WORK INSTRUCTION: If a record holds a picture, leave the picture out and print everything else exactly.

THE DATA:
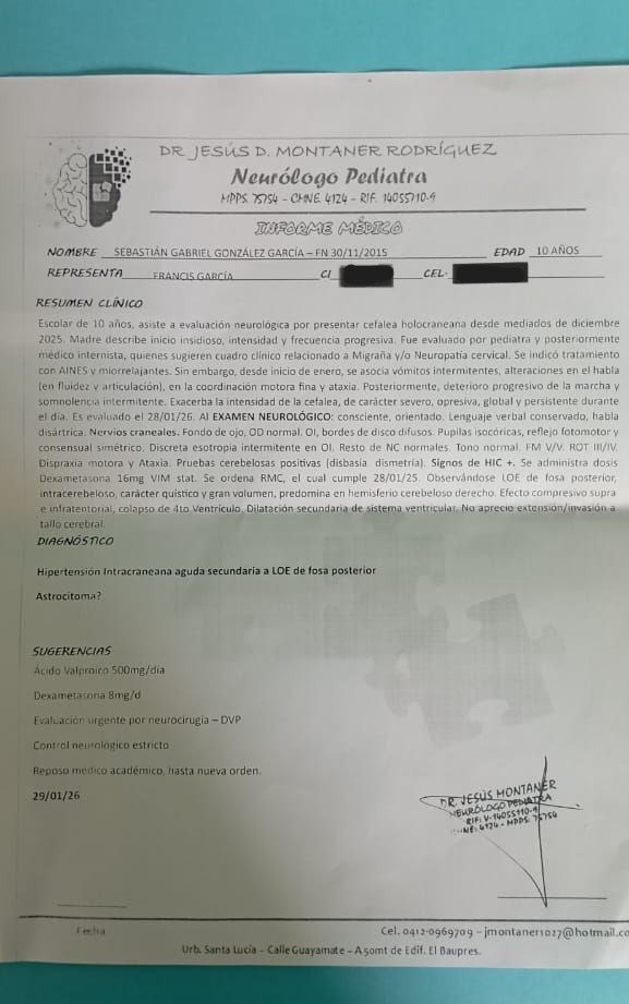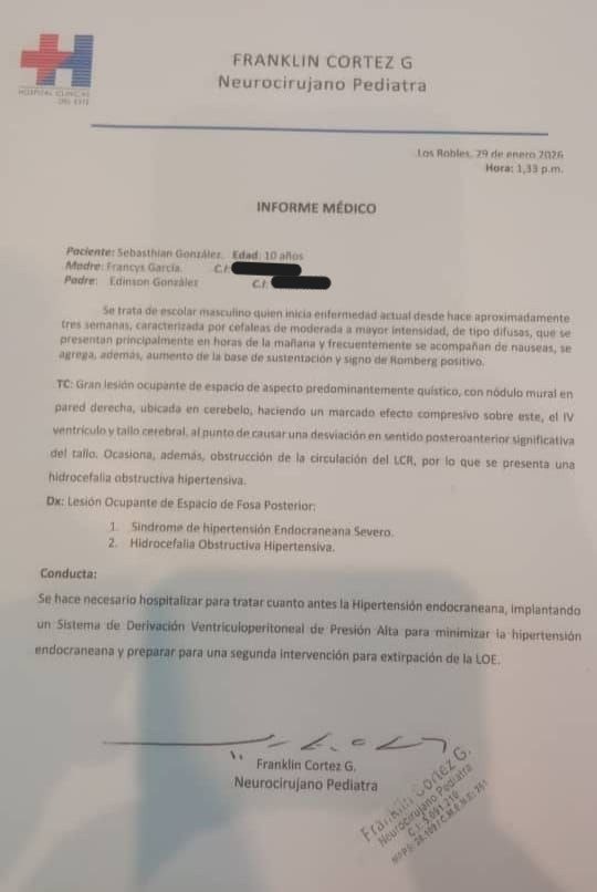 Según el informe médico, Sebasthian necesita hospitalización inmediata y la colocación de un sistema de derivación ventriculoperitoneal para aliviar la presión en su cerebro, seguido de una segunda intervención quirúrgica para tratar y extirpar la lesión. Sin un tratamiento oportuno, el riesgo de daño neurológico grave — e incluso de complicaciones que pongan en peligro su vida — es real.
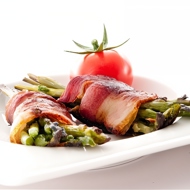 Divide the asparagus into 6 portions and wrap each in a slice of ham, leaving the tips of the asparagus visible. Place these rolls in a baking dish. Preheat the oven to 356°F.
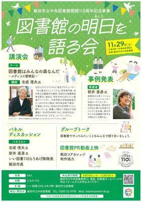 11/29(土)は、110周年記念事業として、「図書館の明日を語る会」と題して記念講演も開催されます![]()
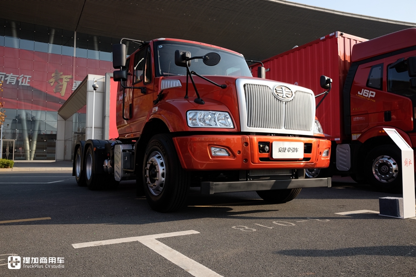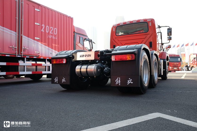 欧洲流行的低鞍座牵引车在国内一直很罕见,国产车也鲜有相应产品。解放JH6展出的低鞍座牵引车就是一款少见车型,牵引鞍座离地高度仅95cm,比普通牵引车鞍座高度要低30-40cm左右。更低的鞍座高度意味着挂车高度可做的更高,增加载货空间,快递等轻抛物运输市场会有这方面的需求。
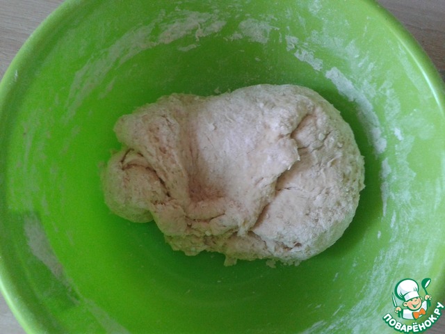 Вливаем ряженку с яйцом и солью в сухую смесь и вымешиваем мягкое тесто.
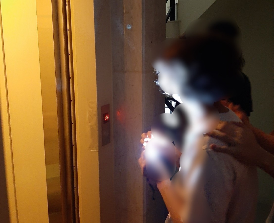 ▲婦人因停電被困在電梯中,脫困時並無大礙 。(圖/記者洪靖宜翻攝)
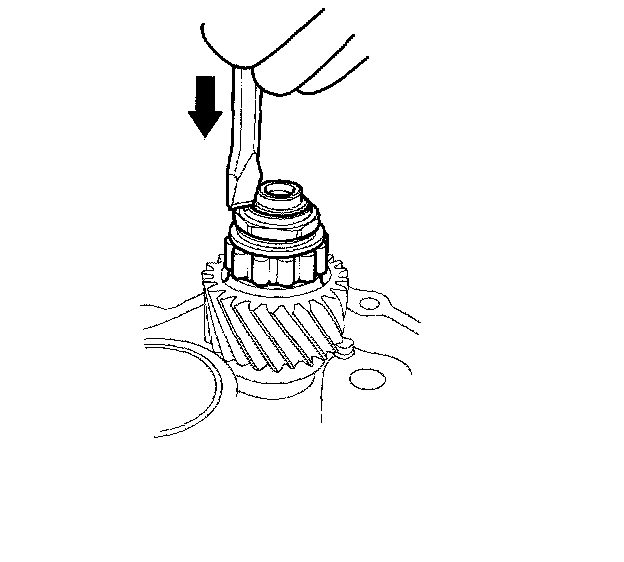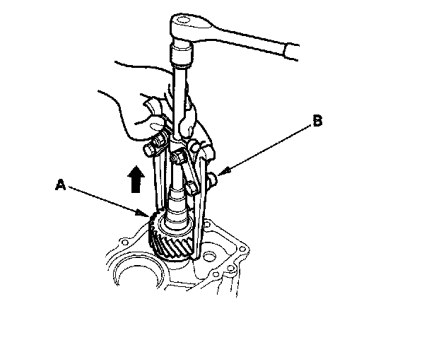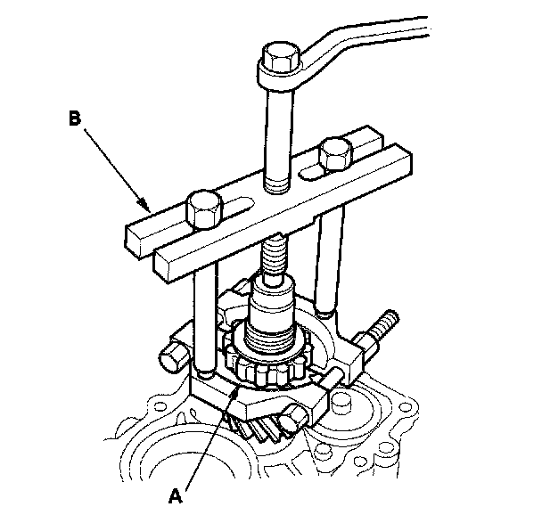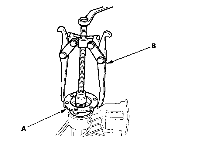 6. Remove the secondary drive gear (A) using a commercially available bearing puller (B) as shown.
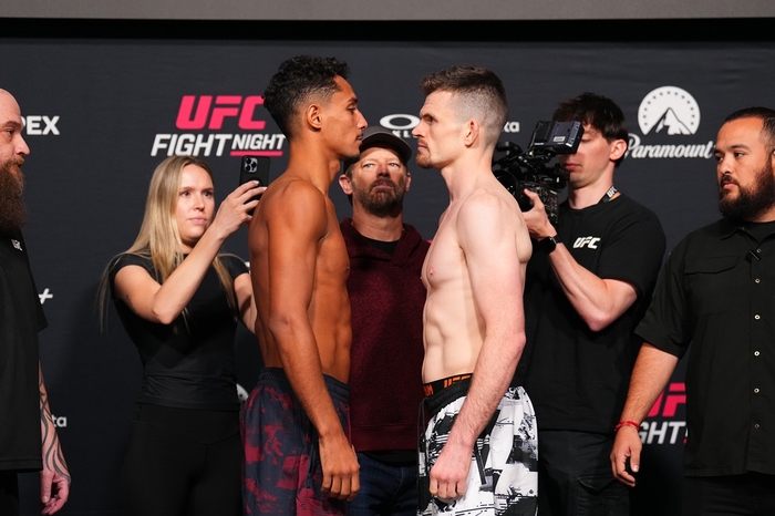 英国のハードウィックは31歳。UFC戦績0勝1敗。キャリアでは13勝4敗1分(3KO、4一本勝ち)。元ケージウォーリアーズ・フェザー級王者で、キックボクシングが主体のスタイル。昨年9月のフランス大会で、ランカーのファレス・ジアムが家族に不幸があり急遽欠場。直前のため、減量が間に合う階級下のハードウィックにオファーがあり、ライト級でUFC2勝1敗のカウエ・フェルナンデシュとの対戦が実現した。しかし、試合ではフェルナンデシュの強烈なカーフキックにより、2分少々で両足を効かせられてしまいKO負け。何もさせてもらえなかった。今回の試合に向けたトレーニングついて聞かれた際には、自虐的に「ローキックの防御」と答えている。
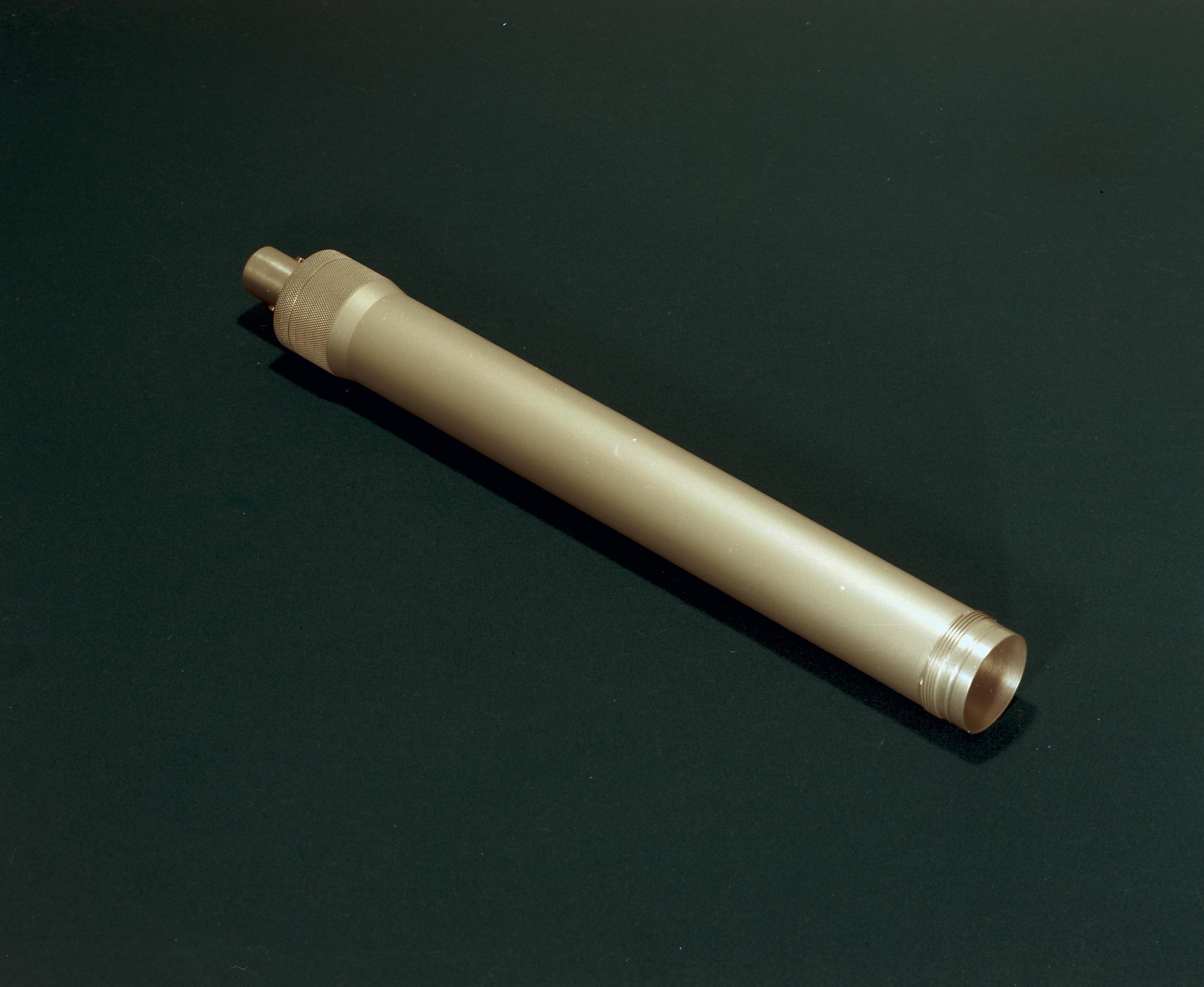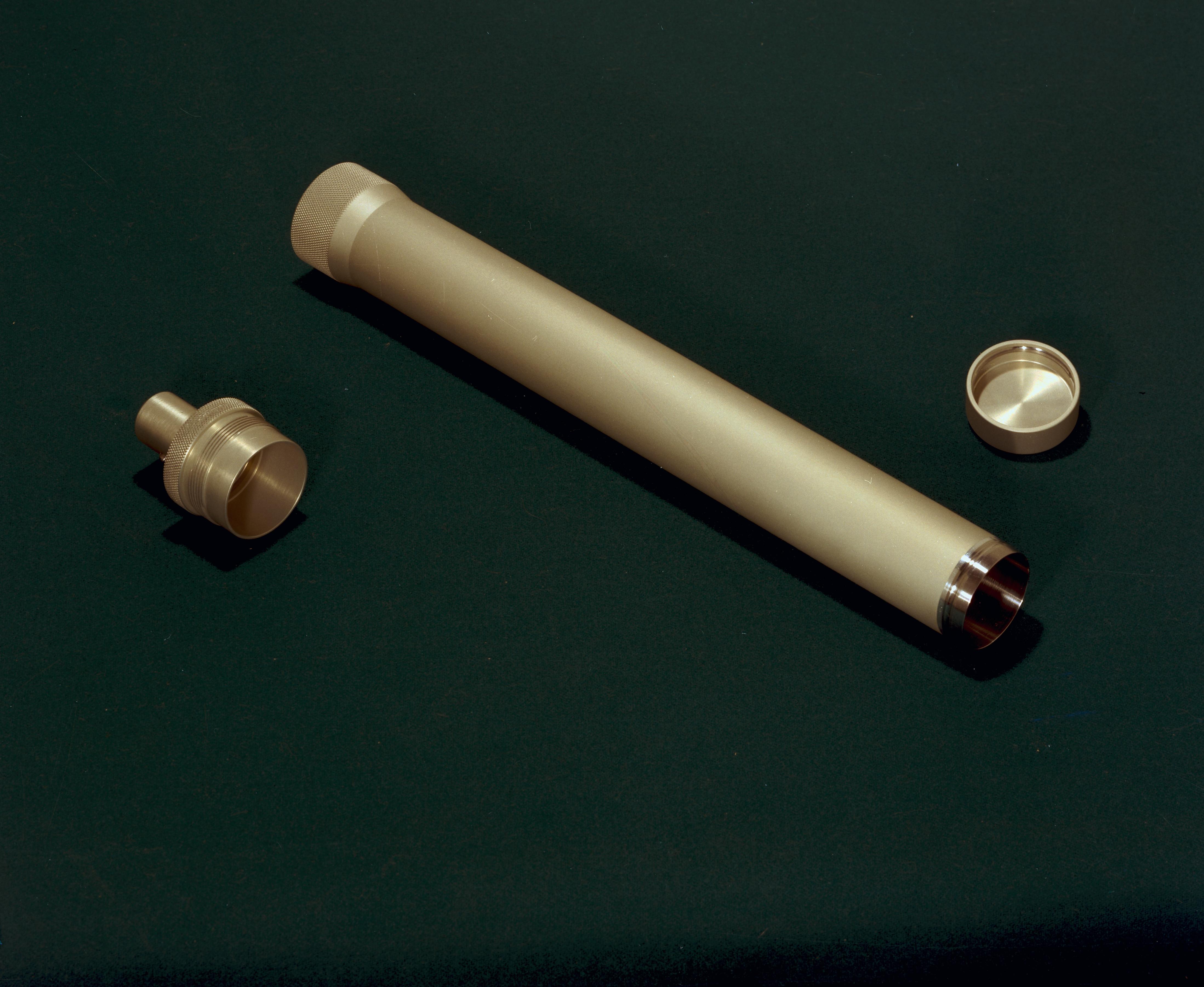 Photo by Carl-Gustaf EdhardtI who writes, "I took this photo when Jim Irwin and his daughter (Jill, age 15) visited the King of Sweden Carl XVI Gustaf on December 3 in 1976. I was working as a photographer on a daily christian newspaper at that time. Three days later, he visited the editorial office and kindly signed the photo for me. I happen to have the same name as the King."Flown Apollo 15 LM Utility Light Bracket ( 1.0 Mb )

PROBLEM SOLUTION:
 Según el informe médico, Sebasthian necesita hospitalización inmediata y la colocación de un sistema de derivación ventriculoperitoneal para aliviar la presión en su cerebro, seguido de una segunda intervención quirúrgica para tratar y extirpar la lesión. Sin un tratamiento oportuno, el riesgo de daño neurológico grave — e incluso de complicaciones que pongan en peligro su vida — es real.
 Divide the asparagus into 6 portions and wrap each in a slice of ham, leaving the tips of the asparagus visible. Place these rolls in a baking dish. Preheat the oven to 356°F.
 11/29(土)は、110周年記念事業として、「図書館の明日を語る会」と題して記念講演も開催されます![]()
 欧洲流行的低鞍座牵引车在国内一直很罕见,国产车也鲜有相应产品。解放JH6展出的低鞍座牵引车就是一款少见车型,牵引鞍座离地高度仅95cm,比普通牵引车鞍座高度要低30-40cm左右。更低的鞍座高度意味着挂车高度可做的更高,增加载货空间,快递等轻抛物运输市场会有这方面的需求。
 Вливаем ряженку с яйцом и солью в сухую смесь и вымешиваем мягкое тесто.
 ▲婦人因停電被困在電梯中,脫困時並無大礙 。(圖/記者洪靖宜翻攝)
 6. Remove the secondary drive gear (A) using a commercially available bearing puller (B) as shown.
 英国のハードウィックは31歳。UFC戦績0勝1敗。キャリアでは13勝4敗1分(3KO、4一本勝ち)。元ケージウォーリアーズ・フェザー級王者で、キックボクシングが主体のスタイル。昨年9月のフランス大会で、ランカーのファレス・ジアムが家族に不幸があり急遽欠場。直前のため、減量が間に合う階級下のハードウィックにオファーがあり、ライト級でUFC2勝1敗のカウエ・フェルナンデシュとの対戦が実現した。しかし、試合ではフェルナンデシュの強烈なカーフキックにより、2分少々で両足を効かせられてしまいKO負け。何もさせてもらえなかった。今回の試合に向けたトレーニングついて聞かれた際には、自虐的に「ローキックの防御」と答えている。
 Photo by Carl-Gustaf EdhardtI who writes, "I took this photo when Jim Irwin and his daughter (Jill, age 15) visited the King of Sweden Carl XVI Gustaf on December 3 in 1976. I was working as a photographer on a daily christian newspaper at that time. Three days later, he visited the editorial office and kindly signed the photo for me. I happen to have the same name as the King."Flown Apollo 15 LM Utility Light Bracket ( 1.0 Mb )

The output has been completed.